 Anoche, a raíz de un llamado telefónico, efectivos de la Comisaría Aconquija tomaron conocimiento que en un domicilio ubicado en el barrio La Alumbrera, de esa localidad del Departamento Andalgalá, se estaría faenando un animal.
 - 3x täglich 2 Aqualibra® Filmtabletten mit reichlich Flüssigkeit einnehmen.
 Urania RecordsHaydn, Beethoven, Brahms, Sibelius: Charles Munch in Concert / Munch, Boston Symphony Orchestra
--
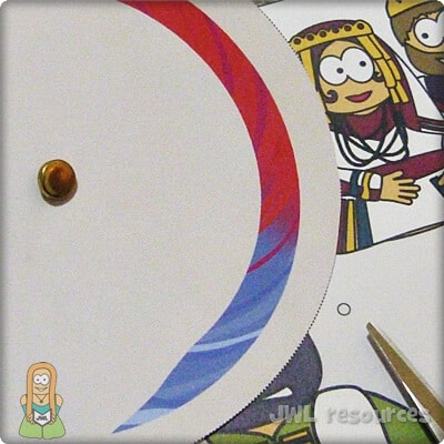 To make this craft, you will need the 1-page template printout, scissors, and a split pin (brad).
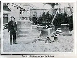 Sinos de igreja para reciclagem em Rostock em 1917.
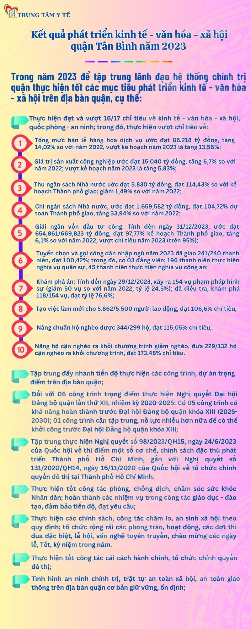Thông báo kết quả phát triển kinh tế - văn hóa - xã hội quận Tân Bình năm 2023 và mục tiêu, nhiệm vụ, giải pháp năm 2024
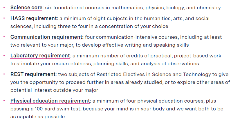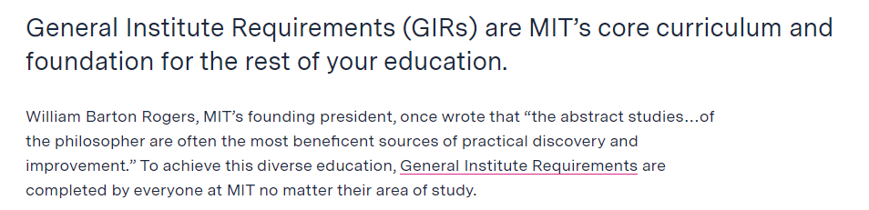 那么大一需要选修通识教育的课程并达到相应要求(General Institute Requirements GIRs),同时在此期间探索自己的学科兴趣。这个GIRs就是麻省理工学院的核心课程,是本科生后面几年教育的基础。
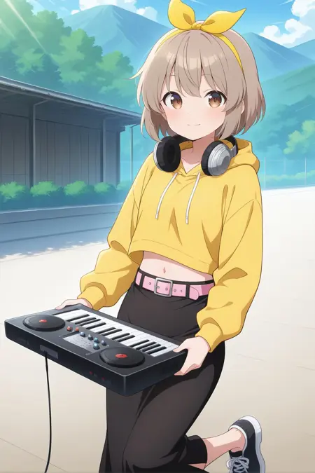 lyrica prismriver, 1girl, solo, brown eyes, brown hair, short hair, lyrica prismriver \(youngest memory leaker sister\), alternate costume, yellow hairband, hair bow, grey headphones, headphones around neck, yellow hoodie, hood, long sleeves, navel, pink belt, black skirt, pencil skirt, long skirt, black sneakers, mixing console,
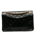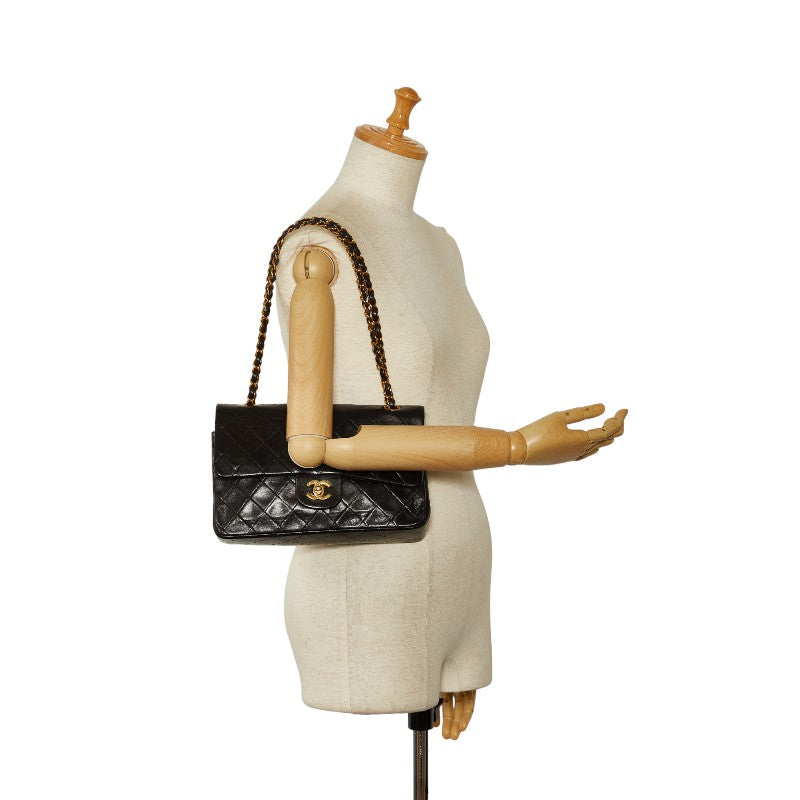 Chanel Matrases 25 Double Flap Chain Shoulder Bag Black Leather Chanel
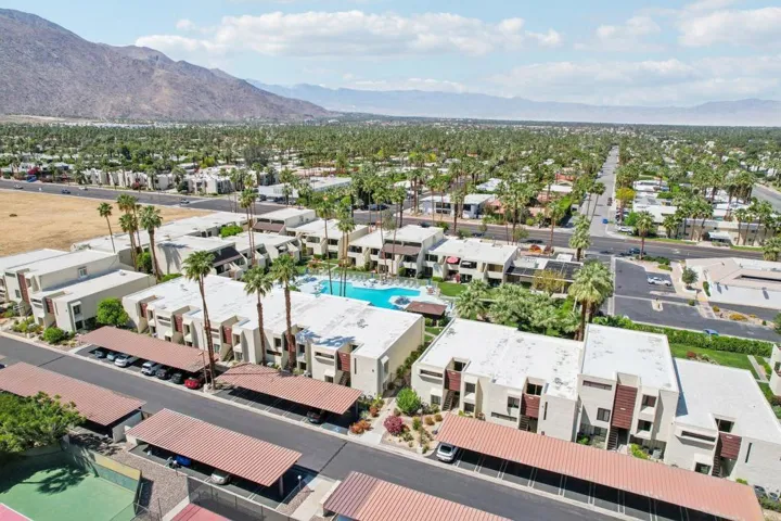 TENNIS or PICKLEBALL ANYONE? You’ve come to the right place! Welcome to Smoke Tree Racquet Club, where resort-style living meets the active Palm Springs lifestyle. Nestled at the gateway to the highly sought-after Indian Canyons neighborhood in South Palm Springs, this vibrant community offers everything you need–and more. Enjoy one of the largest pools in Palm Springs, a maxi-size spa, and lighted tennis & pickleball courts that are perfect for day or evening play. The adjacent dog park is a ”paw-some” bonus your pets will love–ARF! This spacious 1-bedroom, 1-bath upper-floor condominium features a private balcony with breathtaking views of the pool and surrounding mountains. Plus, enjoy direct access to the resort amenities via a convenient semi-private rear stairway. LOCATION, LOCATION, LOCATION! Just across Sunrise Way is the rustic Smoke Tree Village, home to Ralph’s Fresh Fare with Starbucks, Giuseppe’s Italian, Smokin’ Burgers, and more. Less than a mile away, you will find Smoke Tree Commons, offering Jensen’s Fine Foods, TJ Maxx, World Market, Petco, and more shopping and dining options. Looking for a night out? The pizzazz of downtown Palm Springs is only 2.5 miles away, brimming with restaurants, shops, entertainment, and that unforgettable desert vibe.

-- TASK INSTRUCTIONS --
The response must hold only the lines above from the line with "Anoche, a raíz" through the line with "Urania RecordsHaydn, Beethoven, Brahms, Sibelius: Charles", each copied exactly, both ends kept.

-- THE ANSWER --
 Anoche, a raíz de un llamado telefónico, efectivos de la Comisaría Aconquija tomaron conocimiento que en un domicilio ubicado en el barrio La Alumbrera, de esa localidad del Departamento Andalgalá, se estaría faenando un animal.
 - 3x täglich 2 Aqualibra® Filmtabletten mit reichlich Flüssigkeit einnehmen.
 Urania RecordsHaydn, Beethoven, Brahms, Sibelius: Charles Munch in Concert / Munch, Boston Symphony Orchestra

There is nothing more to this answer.